CN102692002A - Heat radiating device of high-power LED (light-emitting diode) - Google Patents

Abstract

The invention discloses a high-power LED heat dissipation device, which comprises a high-power LED lamp base, a metal cover plate and a metal base plate. The high-power LED lamp base is installed on the metal cover plate; the metal cover plate and the metal base plate are connected together; A compensation chamber for storing working fluid is set on the metal base plate; capillary cores are inlaid on the side of the metal base plate in contact with the metal cover plate and are engraved with multiple condensing part balance channels. There are two steam channels, and the metal base plate is equipped with a fin group at the corresponding position of the condensing part balance channel; the metal base plate is engraved between the steam channel and the condensing part balance channel, and between the condensing part balance channel and the compensation chamber. There are channels. The plurality of condensing part balance channels of the device of the invention are used to divert steam, which can effectively increase the cooling area, enhance the condensation effect, reduce the resistance of working medium flow, and greatly improve the heat dissipation effect. The device of the invention also has the advantages of simple structure and low cost.

Description

A cooling device for high-power LEDs

technical field

The invention relates to a heat dissipation device for electronic and optical components, in particular to a heat dissipation device for a high-power LED (light emitting diode, light emitting diode).

Background technique

LED semiconductor lighting is the fourth-generation electric light source after incandescent lamps, fluorescent lamps and rare gas lamps. Because of its advantages of high efficiency, long life, energy saving and environmental protection, it has become the source of light source and lighting research institutions all over the world. The goal is to be a star industry in the lighting field in the future. When the power of the LED is above 20W, it is considered high power, and solving the heat dissipation problem of high-power LEDs is a key issue for LED lighting. In order to ensure the heat dissipation effect of LEDs, the method commonly used at present is to use a certain number of sheet radiators to transfer heat to the air. It is relatively bulky, and the heat conduction efficiency of a single heat dissipation fin is low, so that the heat of the LED chip cannot be quickly transferred to the heat dissipation fin, resulting in heat accumulation in the LED chip, increasing the temperature, and affecting the service life of the LED. Therefore, only using a single heat dissipation fin can no longer meet the heat dissipation requirements of high-power LEDs.

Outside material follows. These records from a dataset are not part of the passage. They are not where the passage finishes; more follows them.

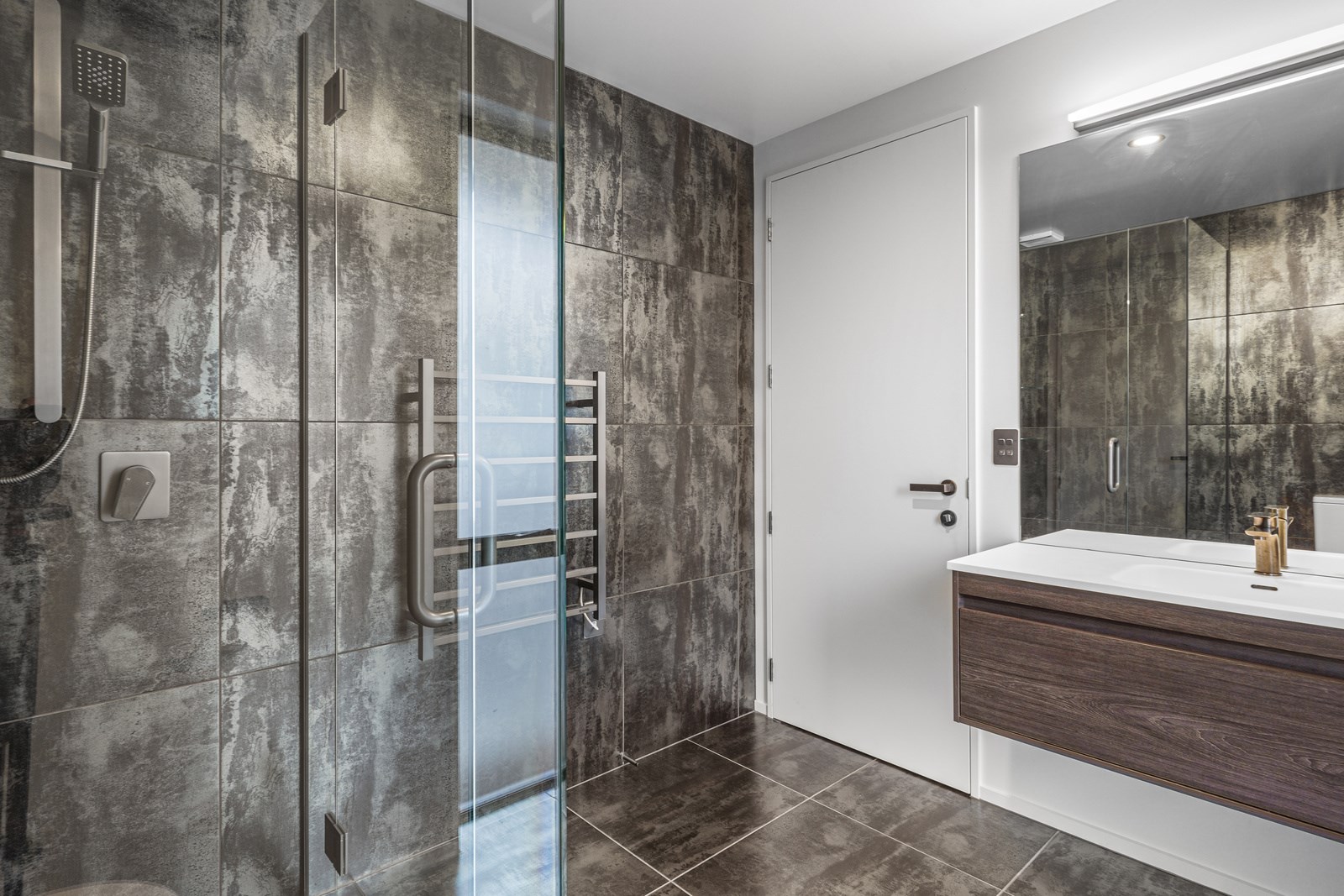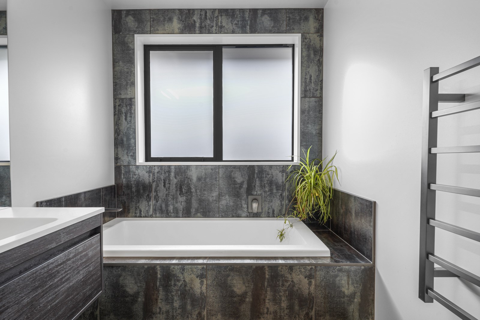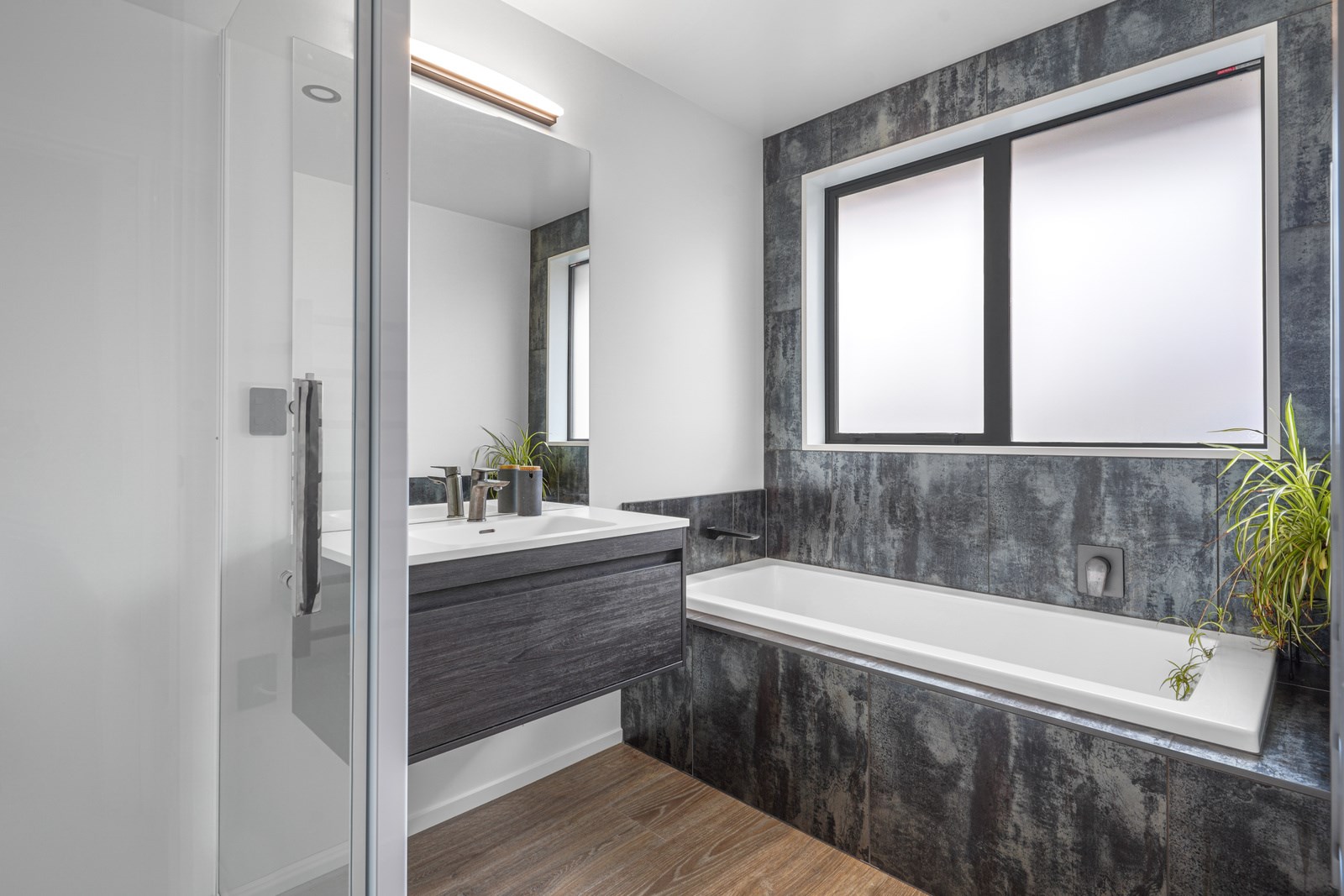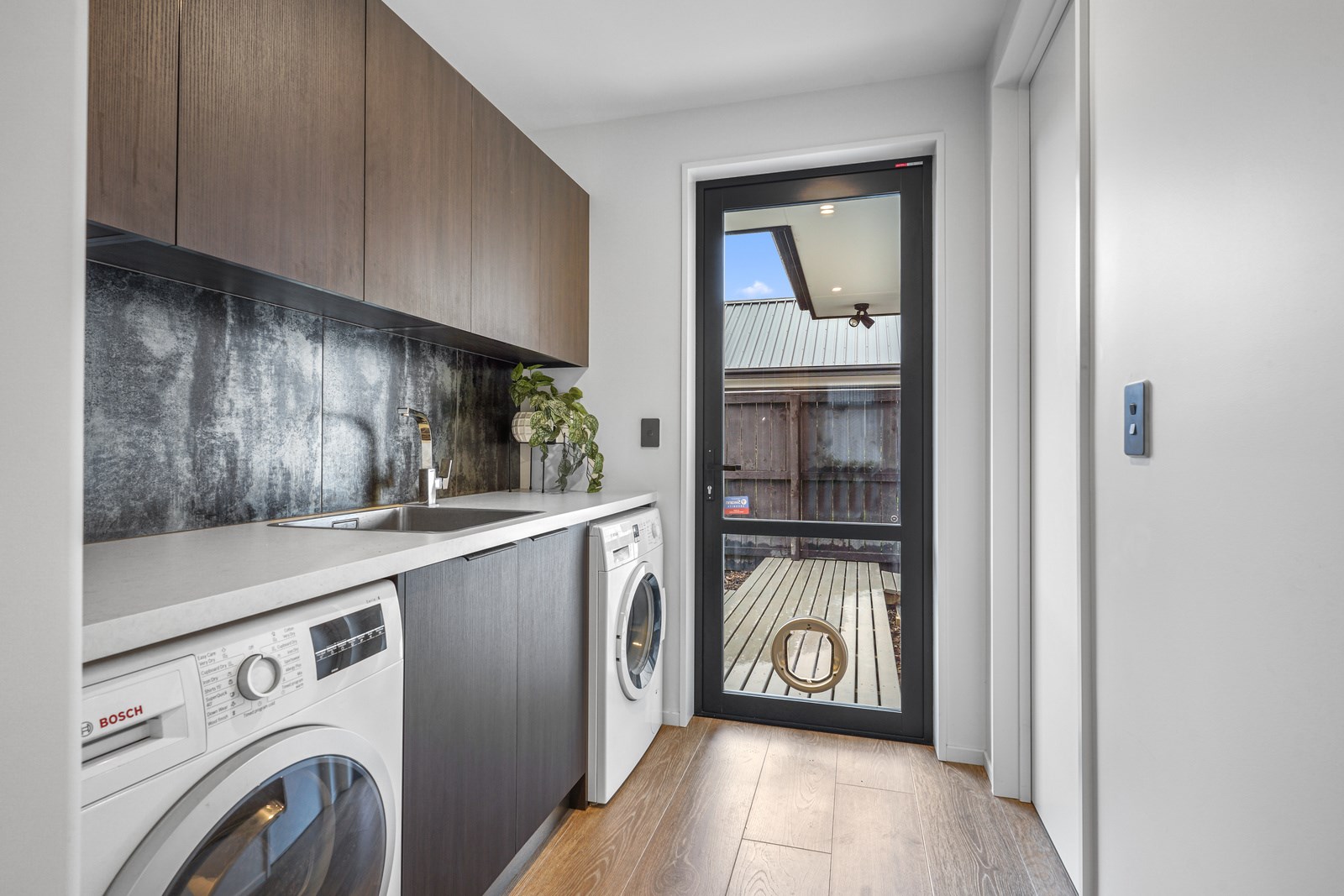 Relatively modest in size but not in character, this 208sqm home is a shining example of effective modern house design. A mix of concrete-style panels, brick veneer and charred cladding creates a beautifully serene arrival to the house that simultaneously lends privacy from the street. The distinctive low-pitch roof has contemporary charm that continues inside through an oversized front door. To the left of the entrance, a media room is tucked privately away. It’s warm green walls and timber-slat features differentiate it from the main open-plan living zone’s neutral decor.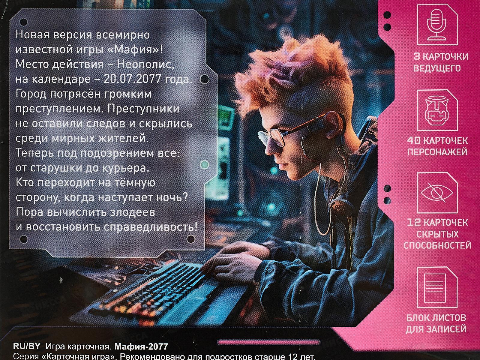 "Мафия-2077" – это новая версия всемирно известной игры с новыми возможностями! Задача игроков – вычислить злодеев в городе будущего. Здесь у каждого – своя цель, алиби и скрытая способность. Наблюдайте за подозреваемыми, используйте свои способности и принимайте решения, чтобы восстановить справедливость.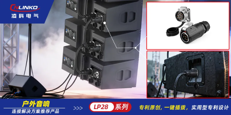 凌科的LP28系列8芯工業(yè)防水連接器,就在某大型戶外音響系統(tǒng)中被客戶選用。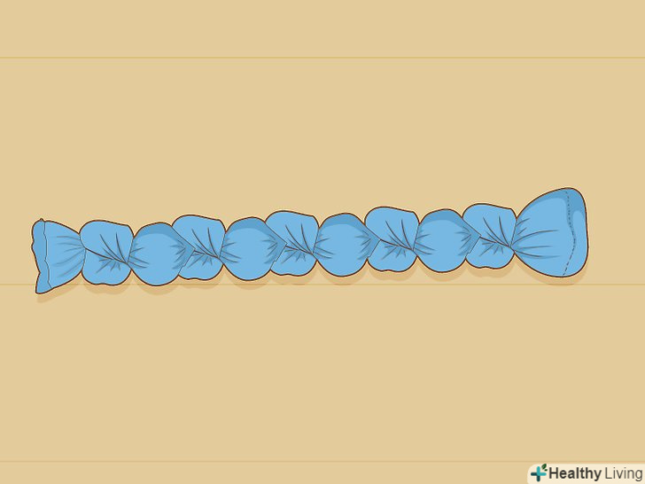 Перекрутіть верхню частину носка, щоб сформувати хвіст. ви можете пришити «хвіст», але якщо ви набивали іграшку котячою м'ятою, ймовірно, вам буде потрібно періодично оновлювати її вміст. Можливо, в такому випадку буде зручніше просто перев'язати носок смужкою трикотажної тканини або стрічкою.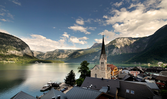 Hallstatt, Lake Hallstatt, Salzkammergut, Upper Austria, Austria, July 2013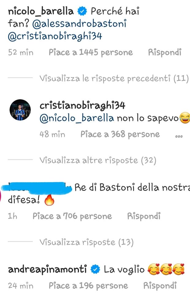 I suoi compagni ci hanno scherzato su. Come Brozovic che ha scritto: "Una per me?". E Barella lo ha preso in giro: "Perché, tu hai dei fans?", ha scritto. Ha taggato pure Biraghi che gli ha retto il gioco: "Ah, non lo sapevo che li avesse". Arriva anche il commento di Pinamonti: "La voglio".

The Chinese invention patent application with the notification number CN 101275734B discloses a high-power LED cooling device, which includes a high-power LED, an evaporator, a circulation tube, a condenser and a liquid storage device, and an evaporator, a condenser and a storage device. The liquid tank is connected sequentially through the circulation tube. When the heat from the high-power LED is transmitted to the evaporator through the welding material and the wall of the evaporator, the wire mesh capillary structure inside the evaporator and the working fluid inside the evaporator are heated at the same time. The working fluid becomes steam after being heated, and the heat generated by the high-power LED is taken away. The working fluid becomes steam and flows in the circulation pipe, and the circulation pipe cools the steam working medium into a liquid working medium through its external condenser. The working fluid flows back into the wire mesh capillary structure in the evaporator. The cooling device cools the working fluid through the condenser outside the circulation pipe. The condenser is in direct contact with the circulation pipe wall, but it has a better cooling effect on the working fluid close to the circulation pipe wall, and its cooling area is also smaller. It is necessary to increase the cooling area by increasing the cross-sectional area of the circulation pipe, but it is not easy to make the size of the LED lamp too large, so the cross-sectional area of the circulation pipe of the cooling device cannot be made too large, so the heat dissipation of the cooling device The effect has not been significantly improved; in order to prevent the steam in the evaporator from entering the liquid storage, the heat dissipation device needs to arrange a steam baffle between the evaporator and the liquid storage, which makes the structure of the heat dissipation device more complicated.

Contents of the invention

The object of the present invention is to overcome the shortcomings and deficiencies of the prior art, and provide a heat dissipation device with good heat dissipation effect, simple structure, and high-efficiency solution to the heat dissipation problem of high-power LEDs.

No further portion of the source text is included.